There’s also a subtler problem: spend approval becomes a high-value attack surface. If an attacker can mint or replay purchase tokens, they don’t need to steal cloud credentials. They can just direct your agents to buy and run things through approved channels.

So token design, revocation, and replay protection matter a lot. So does graceful failure. If the budget service is down, do calls fail closed? Do they degrade to pre-approved limits? Both choices have operational costs.

Why this matters beyond one startup

Sapiom’s pitch looks niche until you see how much of the market it touches.

Procurement starts to look like infrastructure

Enterprise procurement has always been a human workflow wrapped around spreadsheets, approvals, and vendor systems. Agents put pressure on that model because the buying decision moves into the execution path.

If that sticks, procurement stops being purely administrative and starts to look a bit like auth, policy, and CI/CD. Teams won’t just ask whether a vendor is approved. They’ll encode the exact conditions under which software can buy from that vendor.

That’s a bigger shift than the usual “payments for AI” framing suggests.

API providers may need cleaner commercial interfaces

Today’s API ecosystems are good at auth and metering, mediocre at programmable commercial terms. If agent-driven buying becomes normal, providers will need machine-readable catalogs, quota semantics, entitlements, refund behavior, and delegated billing hooks.

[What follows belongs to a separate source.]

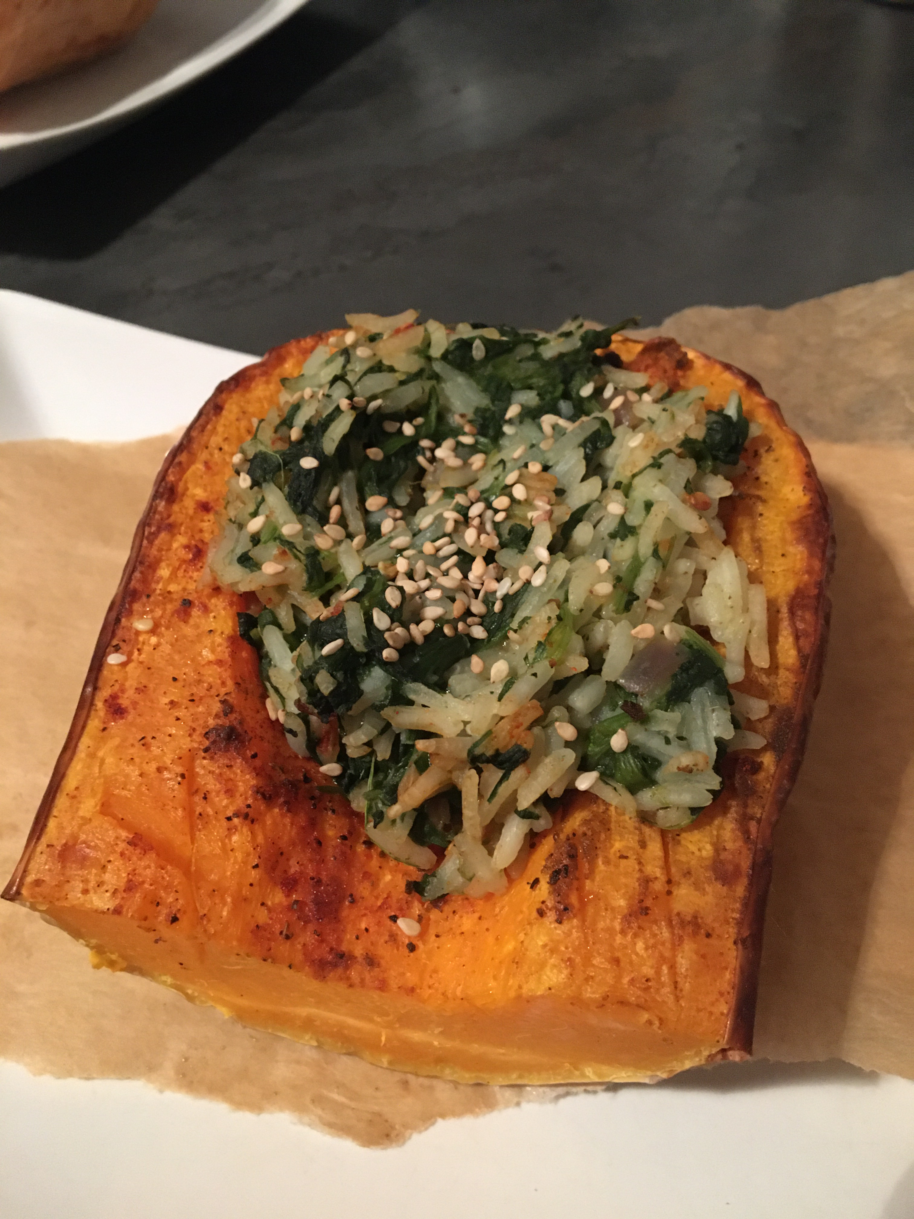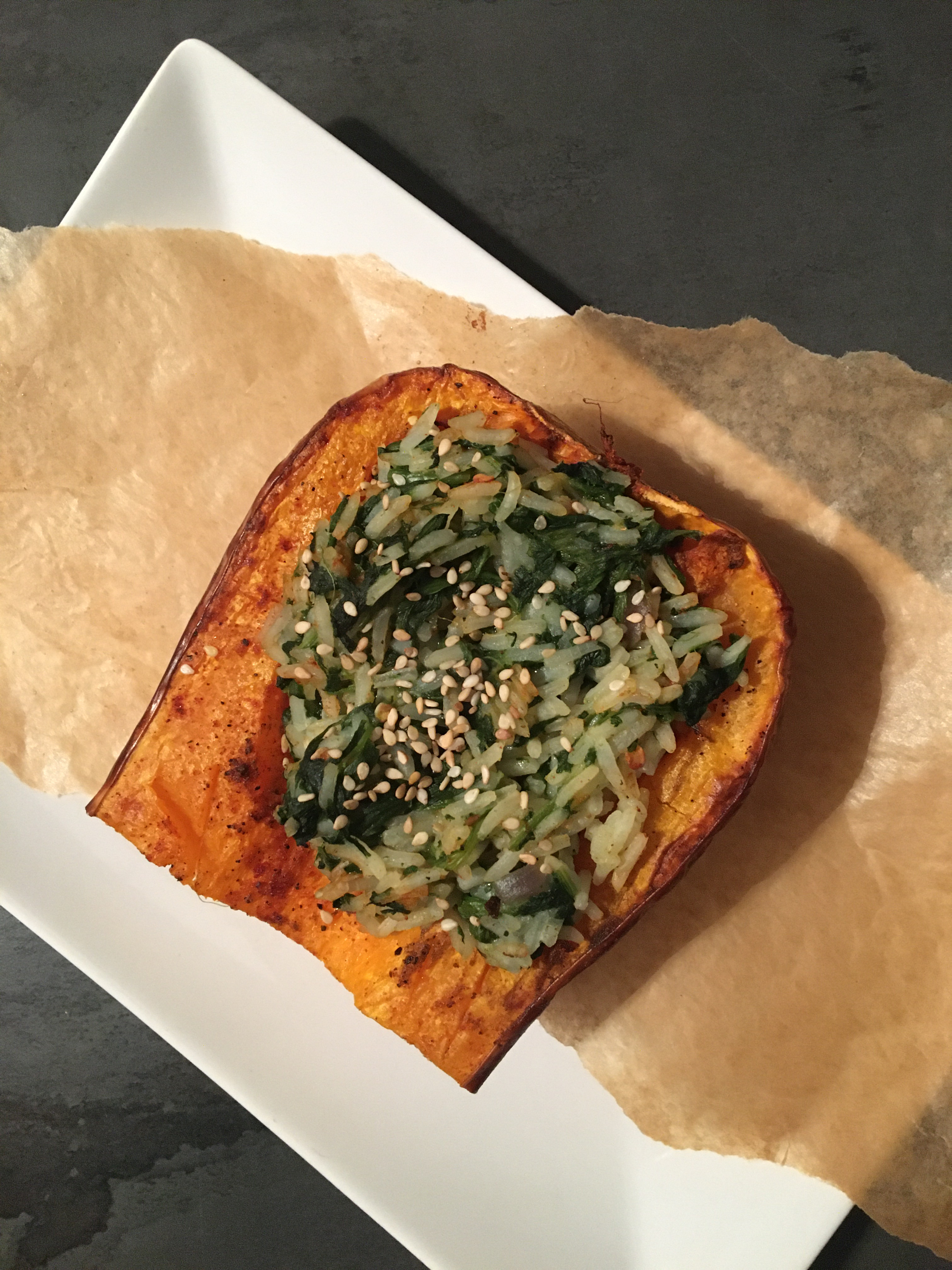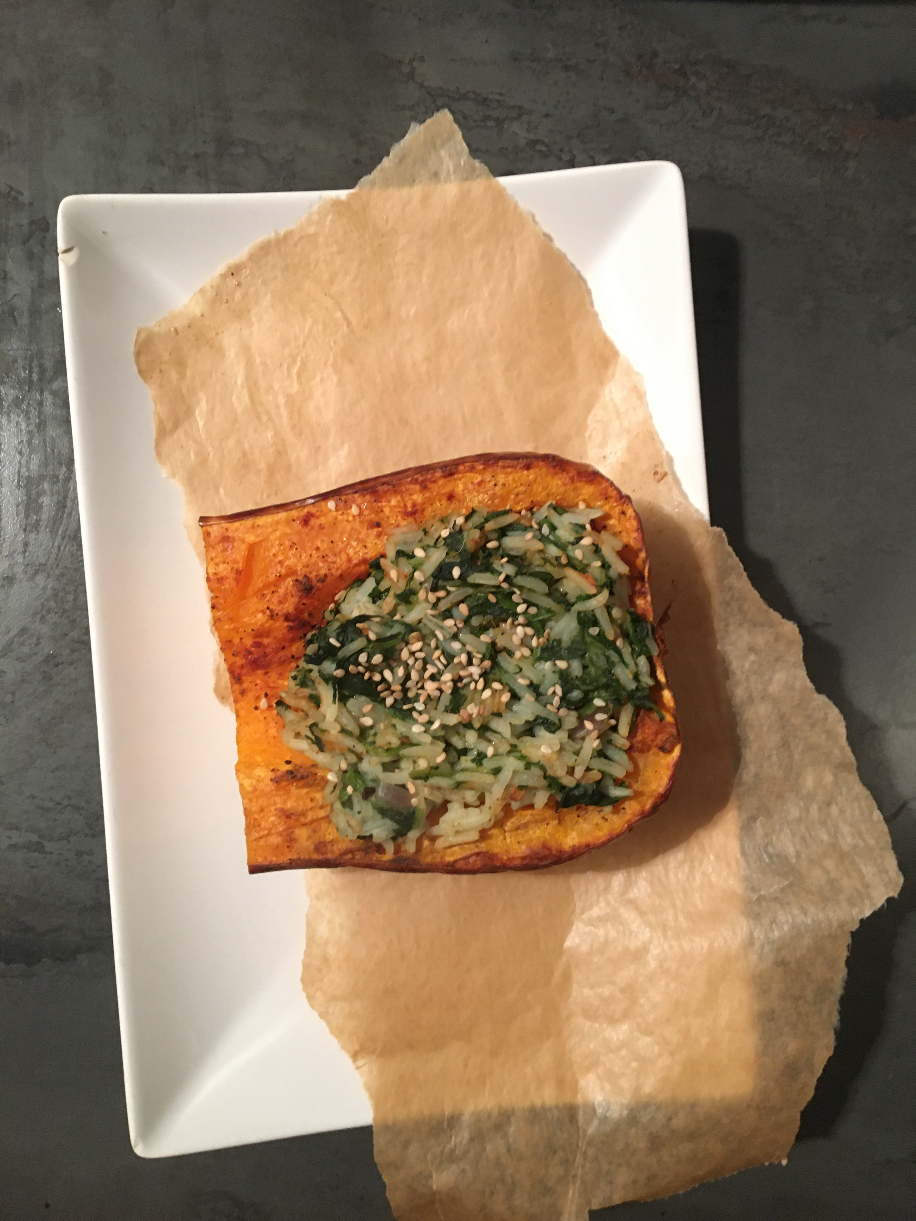 Wenn Spinat und Reis fertig sind, diese mischen und mit Salz würzen. In die Mulden des Kürbisses füllen und nochmal für 5-10 Min. in den Ofen schieben, je nach Gargrad des Kürbisses. Vor dem Servieren noch mit etwas Sesam bestreuen.

That could also create pressure on companies like Rapid, Kong, and Apigee. API gateways handle routing, auth, and analytics well enough. They don’t generally act as spend brokers with real-time budget enforcement.

That gap is real.

Agent frameworks will probably absorb budget semantics

If Anthropic is backing the company, it’s easy to imagine future agent stacks exposing native concepts like budget, quote, purchase_token, and approval_required alongside tools and memory.

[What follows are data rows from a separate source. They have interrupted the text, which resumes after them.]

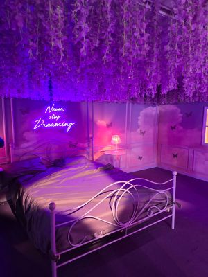 Visitors progress through different creative zones that combine digital technology with artistic expression to examine concepts of dreams, desires, and personal growth.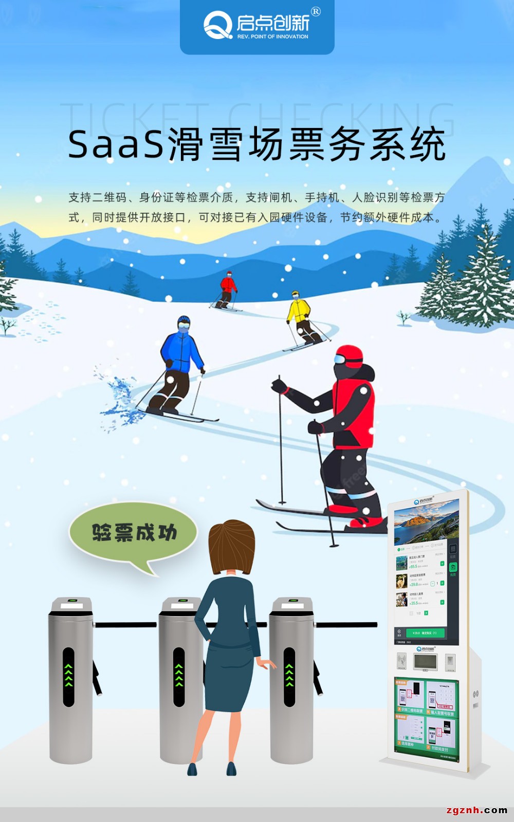 白山滑雪場(chǎng)雪具教練自助租賃退款管理系統(tǒng)門票掃碼刷卡驗(yàn)票通道閘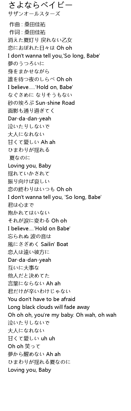 | [02:29.490] | I don't wanna tell you, 'So long, Babe' |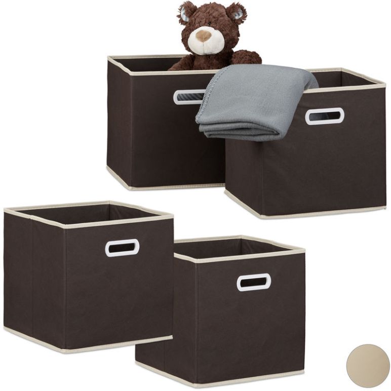 4 x Faltbox im Set, Aufbewahrungsbox aus Stoff, quadratisch hbt ca. 30 x 30 x 30 cm, mit Fingerloch, Regalbox, braun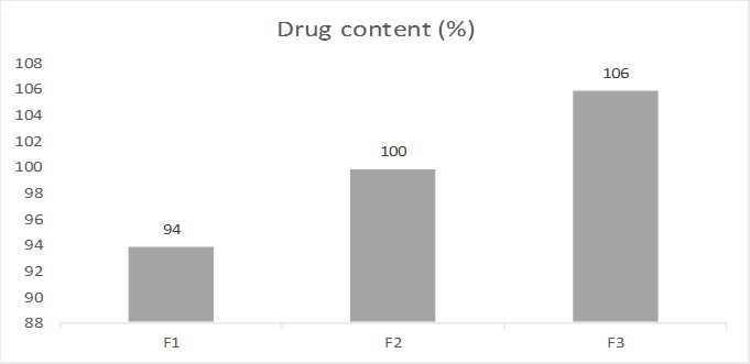 The drug content of all formulations was within the range of 96.2 ± 1.4% to 99.5 ± 1.2%, indicating uniform distribution of diclofenac sodium within the polymeric film. The uniform drug content also reflects effective mixing and solvent evaporation control during the formulation process. Among all formulations, F3 exhibited the highest uniformity (99.5 ± 1.2%), confirming the compatibility and homogeneity of the drug and extract within the polymer blend.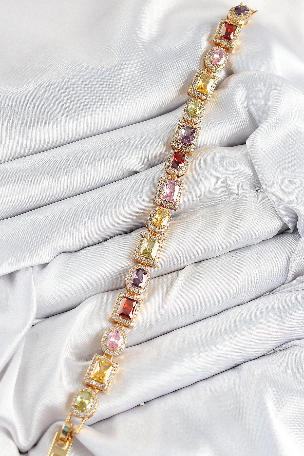 Pirinç Karışık Zirkon Taşlı Baget Model Gold Renk VIP Seri Kadın Bileklik

That would be healthy. Right now, many agent frameworks treat cost as observability after the fact. For production systems, that’s too late.

What technical teams should take from this now

You don’t need Sapiom specifically to take the lesson.

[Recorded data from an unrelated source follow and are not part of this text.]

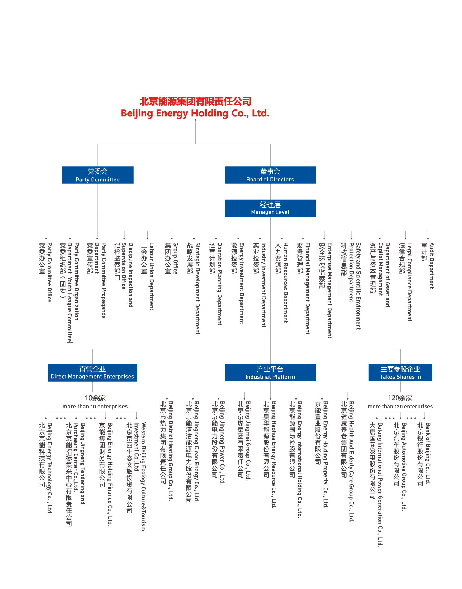 北京能源集團(tuán)有限責(zé)任公司(以下簡稱“京能集團(tuán)”或“集團(tuán)”)是北京市人民政府出資設(shè)立的國有獨資公司,肩負(fù)著保障首都北京能源安全可靠供應(yīng)的重任。集團(tuán)成立于2004年,由原北京國際電力開發(fā)投資公司和原北京市綜合投資公司合并而成,2011年、2014年先后又與北京市熱力集團(tuán)有限責(zé)任公司、北京京煤集團(tuán)有限責(zé)任公司實施合并重組,實現(xiàn)了產(chǎn)業(yè)鏈條融合互補(bǔ)。經(jīng)過多年的資源整合,集團(tuán)由單一能源產(chǎn)業(yè)發(fā)展為熱力、電力、煤炭、健康文旅等多業(yè)態(tài)產(chǎn)業(yè)格局。2024年底,集團(tuán)資產(chǎn)規(guī)模達(dá)4934億元,年營業(yè)收入975億元,全資及控股企業(yè)860余家,參股企業(yè)120余家,擁有員工3.4萬余人,投資區(qū)域遍布全國33個省市區(qū)以及海外,控股京能清潔能源、京能電力、昊華能源、京能置業(yè)、北京能源國際、京能熱力六家上市公司,盈利水平長期穩(wěn)居北京市屬企業(yè)前列。2024年在中國企業(yè)500強(qiáng)排名第247位,中國服務(wù)企業(yè)500強(qiáng)排名第87位。
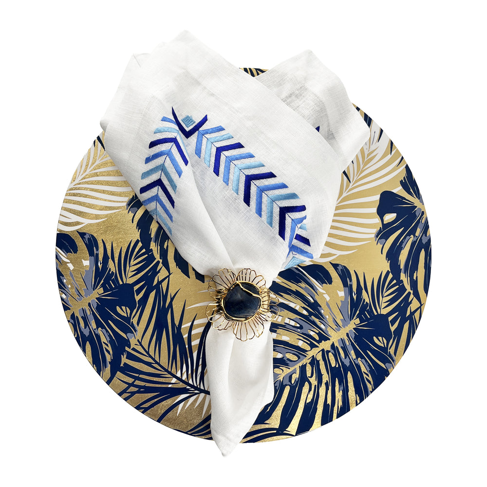 Add Blue Chain Hand Embroidered White Linen Napkin to the cart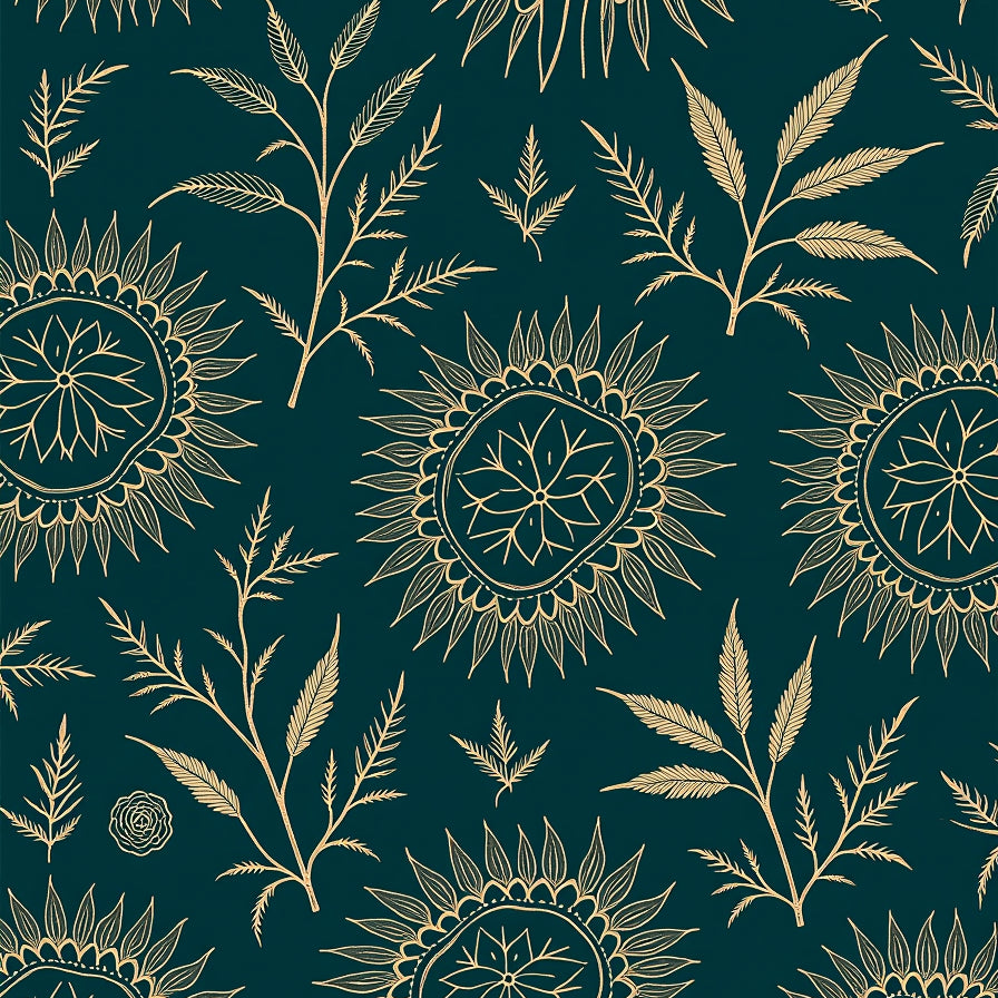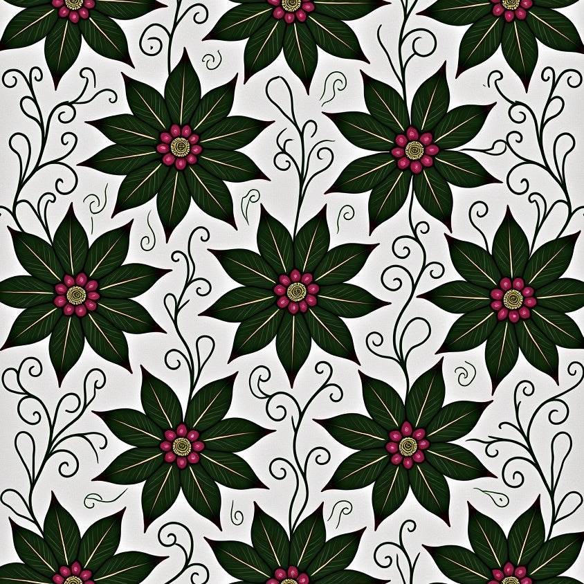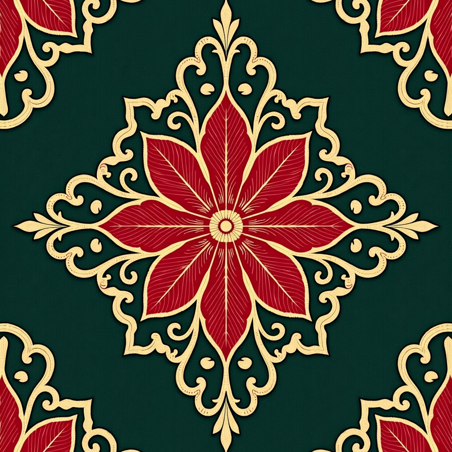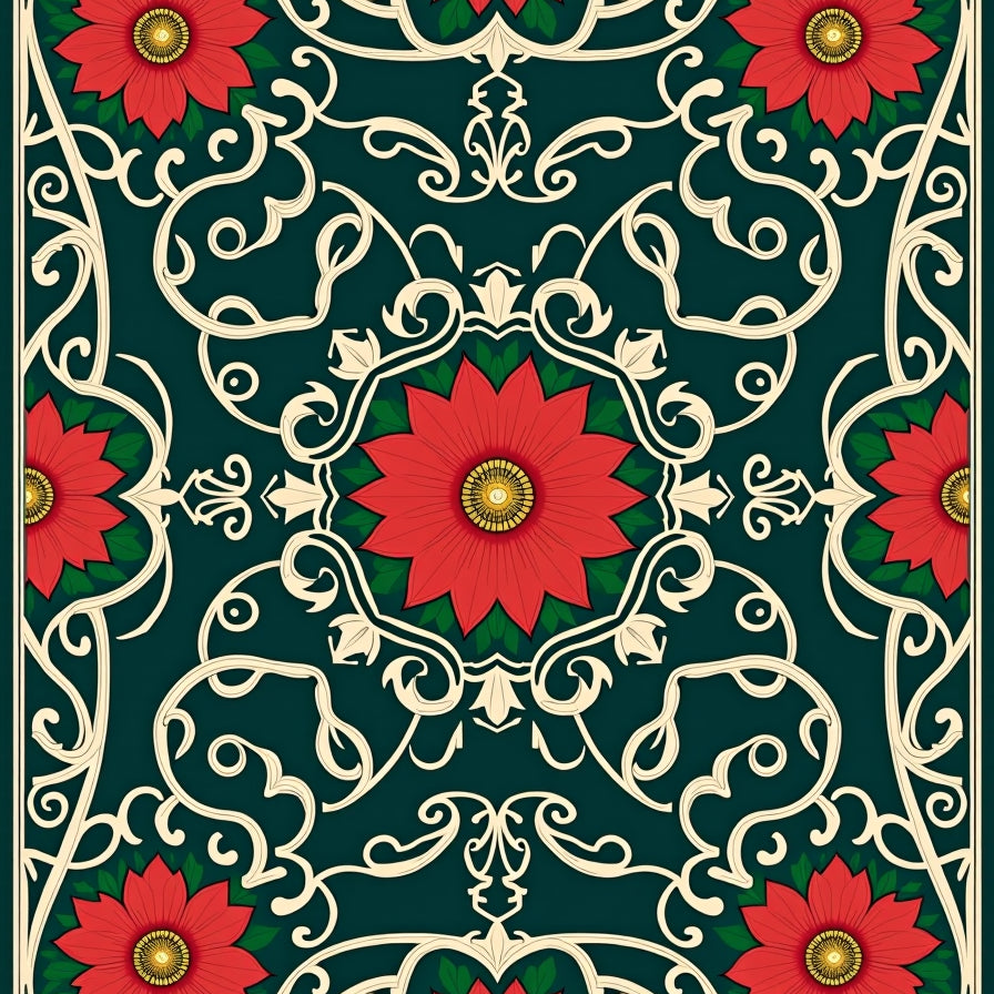 Poinsettia Medallion with Ornate Victorian Flourishes(Green)

If you’re building agents that touch paid services, treat spending as a first-class runtime resource. Add pre-execution checks. Use revocable short-lived credentials. Put spend rules in versioned policy. Require idempotency_key on paid operations. Design fallback paths for authorization failures.

And be honest about how much autonomy you actually want.

A lot of teams say they want autonomous agents. What they usually want is faster automation inside narrow, auditable constraints. That’s sensible. It also means the infrastructure that wins here probably won’t feel magical. It’ll be the plumbing that lets agents act with limited authority, under familiar enterprise controls, at production latency.

That’s the lane Sapiom is trying to claim. The idea is sharp. The hard part is building it.